The Court of Cassation found that there had been a "fraudulent collaboration" between one of the judges who made the 2008 award, Pierre Estroup, and Tapie due to the "long-term, close and repeated" ties between Estroup and Tapie's lawyer Maurice Lantourne.
Tapie's team, appealing against a decision by a lower appeal court, argued that the accusation was "dragged in by its hair for purely political intentions".
The court threw out its claim that the lower court was not competent to judge the affair because it was "international", finding that it only affected operations that had taken place in France.
French Finance Minister Michel Sapin declared that the verdict "marked a turning point" and vindicated the decision to challenge the original award "in the taxpayers' interest".

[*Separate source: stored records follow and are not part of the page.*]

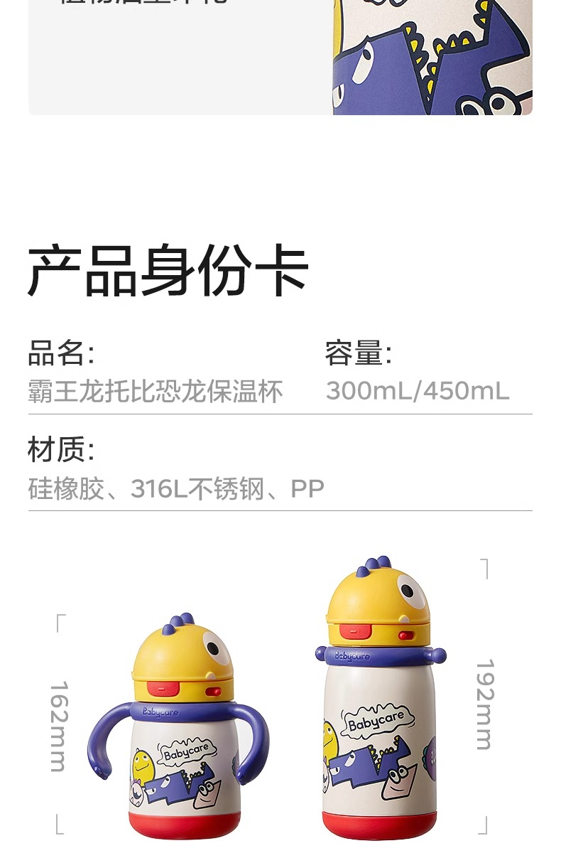 450ml-塔尔曼橙Babycare霸王龙托比保温杯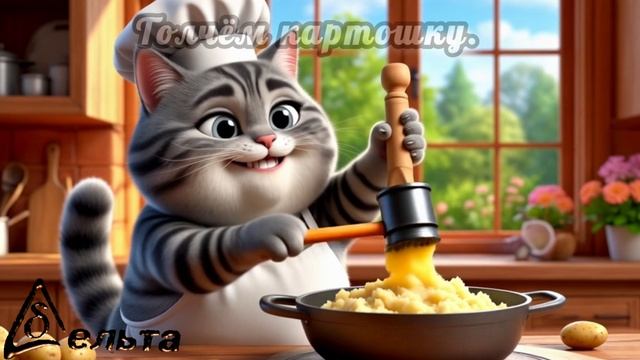 Весёлый котик показывает как готовить используя реальные рецепты. Qr code с полным рецептом приготовления в конце.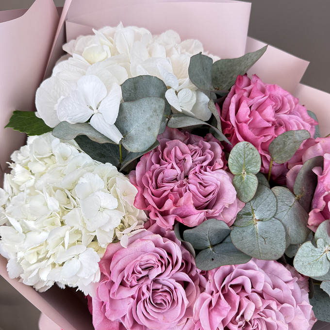 Гортензия, Лента, Пленка, Роза пионовидная, Эвкалипт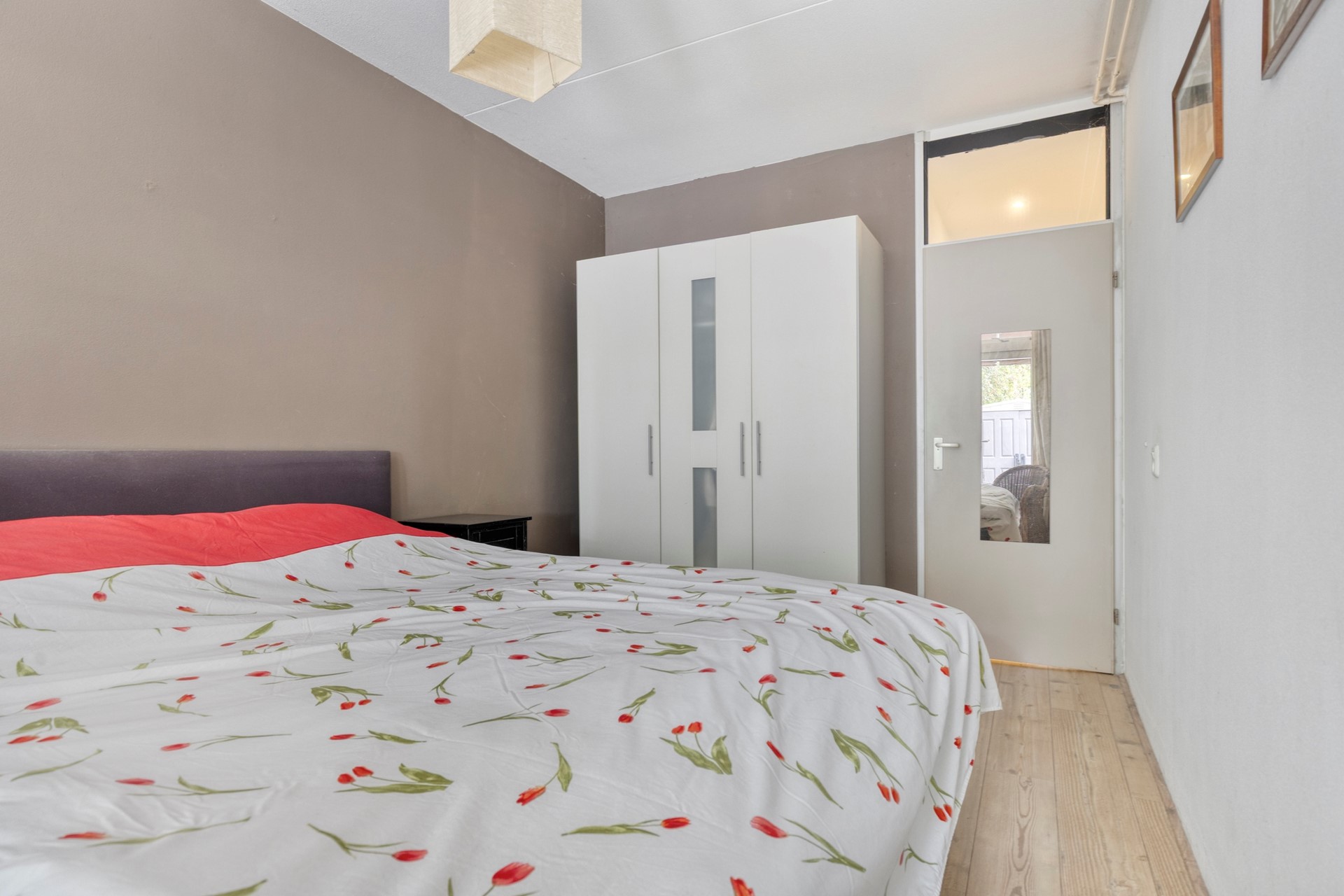 De slaapkamer bevindt zich aan de achterzijde met uitzicht op de prachtige tuin die je ook vanuit deze ruimte kunt bereiken. Er is hier voldoende kastruimte en je kunt vrij om het tweepersoonsbed heen bewegen.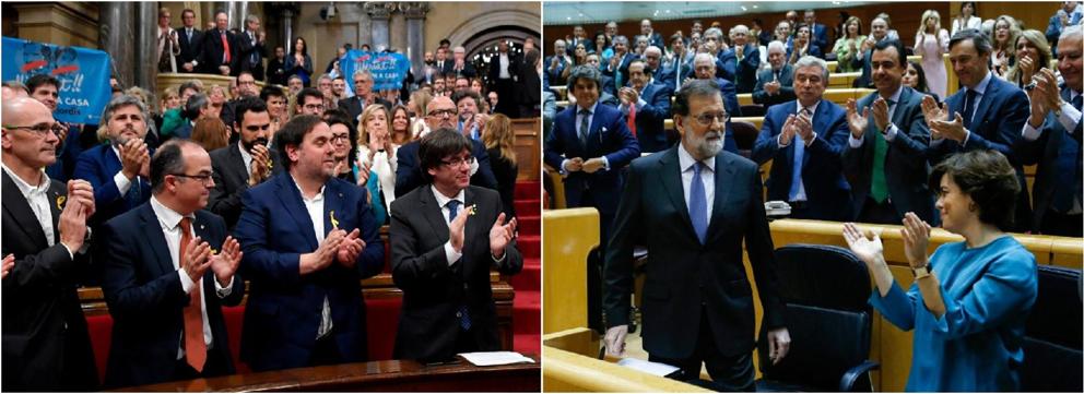 Тем временем премьер-министр Испании Мариано Рахой пообещал "восстановить законность в Каталонии". Через час после провозглашения независимости Сенат Испании таки ввел в действие статью 115.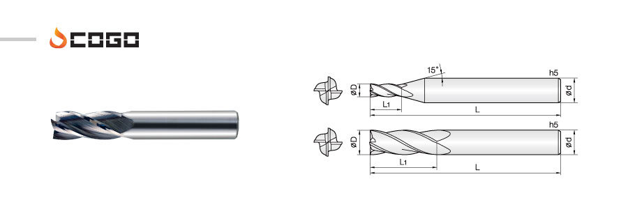 3&4날 45° 헬릭스 파인피치형 라핑 엔드밀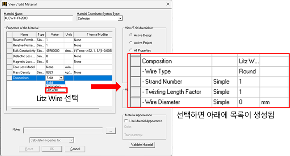 Edit Materials에서 Litz wire를 적용해줍니다.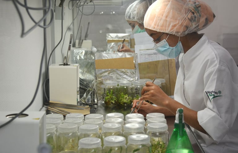 Fondé en 2015, le laboratoire Maghreb Palm est une référence régionale dans le domaine de la culture in vitro et de la micropropagation des plantes. Basé dans la région du Souss-Massa, il se consacre à la multiplication rapide et de haute qualité des espèces végétales adaptées aux environnements arides et semi-arides, tout en valorisant les cultures locales.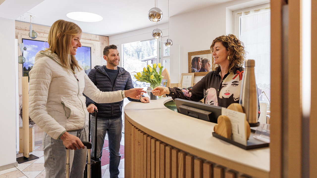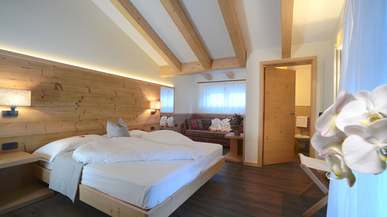 Moreover: lift, reading room, tv room, mountain bike, city bike and e-bikes rental, Nordic walking sticks for rent, waxing room, skiroom with skiboots dryer, tavern, garden, garage, parking, free skibus and Wi-Fi in the hotel. Accessible structure for people with disability problems.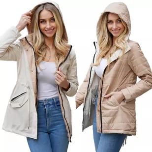 Dwustronny Taliowany Wiosenny Płaszcz Parka Kaptur 3 Kolory Przejściowy

Tapie ordered to pay back money
In December another court ordered Tapie to pay back the 404 million euros, which he has yet to do, having taken measures to protect his business interests and launched a separate appeal against that judgement.
A further investigation into alleged organised fraud is under way, involving Tapie, Estroup, Lanterne and Stéphane Richard, who is currently boss of telecoms operator Orange.
At the time of the award Richard was chief adviser to Lagarde, who was finance minister.
With suspicions of political interference in the 2008 case under Nicolas Sarkozy's presidency, Lagarde is fighting an order to appear before judges and will appeal against it at the Court of Cassation on Friday.